I vaccini anti COVID-19. La ricerca sulle reazioni avverse.
20250800 . Nuove evidenze scientifiche delineano con sempre maggiore precisione il rapporto tra vaccini anti-COVID e l’insorgenza o l’evoluzione di patologie. Gli studi confermano un profilo di sicurezza globale favorevole, seppure con specifiche associazioni da monitorare.
Diverse ricerche indicano che la vaccinazione riduce significativamente il rischio di sviluppare la maggior parte delle condizioni post-COVID (Long COVID). Un’ampia analisi retrospettiva su oltre 300.000 individui ha rilevato una diminuzione del 47% nei disturbi cutanei, del 21% in quelli circolatori e dell’11% in quelli sensoriali tra i vaccinati.

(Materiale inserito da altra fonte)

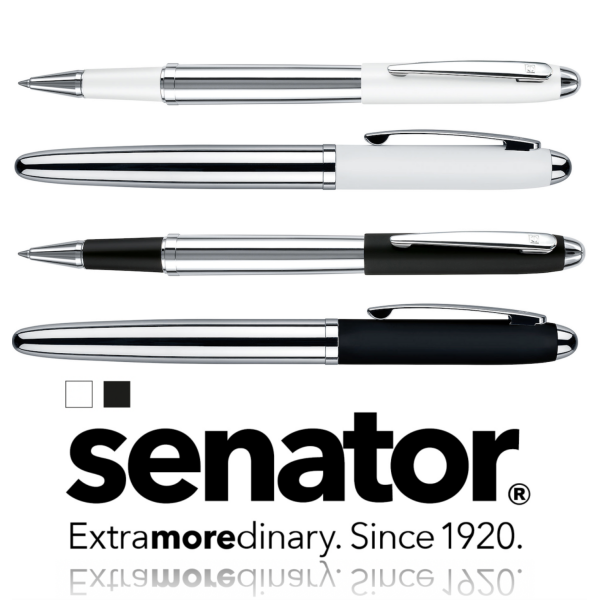 Luxe, zware metalen Nautic rollerbalpen van het Duitse topmerk Senator. Design balpen met een harmonisch samenspel van twee verschillende materialen. Bovenzijde in soft touch uitvoering, onderzijde glanzend verchroomd. Opvallende reclamebalpen met blauwe Magic flow rollerbalvulling. Na gebruik is de vulling te vervangen. Met zilverkleurige metalen accenten en metalen clip. De kwaliteitspen Nautic is ook beschikbaar als balpen en touch pen, voor het bedienen van touchscreen apparaten. Als set te combineren met de Nautic balpen of de Nautic touchscreen pen. Bijpassend geschenketui op aanvraag.
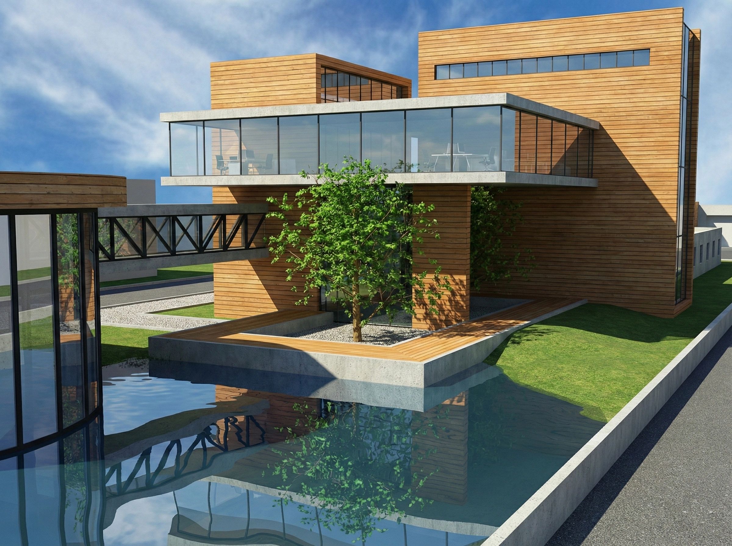 The core idea was to contrast and complement the existing factory structure.
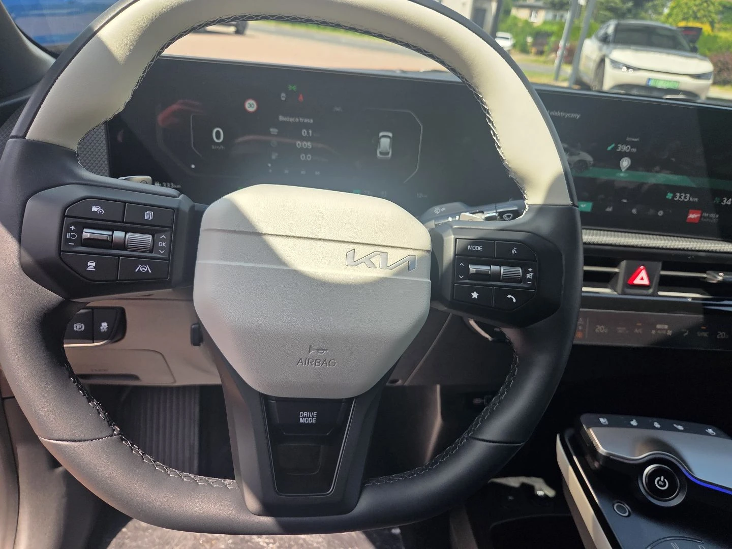 - • Trójramienna, wielofunkcyjna kierownica wykończona skórą wegańską o sportowej stylistyce

Un dato controintuitivo emerge tuttavia nei disturbi mentali, dove si osserva un lieve incremento del rischio (6%), le cui cause – legate a stress pandemico o meccanismi biologici – restano oggetto d’indagine.
Sul fronte neurologico, il 31.2% dei partecipanti allo studio NEURO-COVAX ha segnalato sintomi transitori come cefalea (17%) o insonnia (5%), più frequenti con vaccini a vettore virale (es. AstraZeneca) rispetto agli mRNA. Tuttavia, ricerche italiane su 265 coppie caso-controllo non hanno rilevato aumenti significativi di ictus, sclerosi multipla o epilessia. Anzi, tre dosi hanno dimostrato un effetto protettivo contro l’ictus negli over 60 con comorbidità, riducendone il rischio dell’86%.
Le patologie cardiovascolari rappresentano un capitolo delicato. Sebbene le miocarditi post-vaccino (2 casi ogni 100.000 dosi) abbiano attirato l’attenzione mediatica – specie tra giovani maschi dopo la seconda dose di mRNA –, uno studio israeliano ricorda che il rischio è 5-10 volte superiore dopo l’infezione naturale. Per questo la Società Italiana di Cardiologia raccomanda la vaccinazione prioritaria ai cardiopatici, categoria in cui il COVID-19 moltiplica la mortalità.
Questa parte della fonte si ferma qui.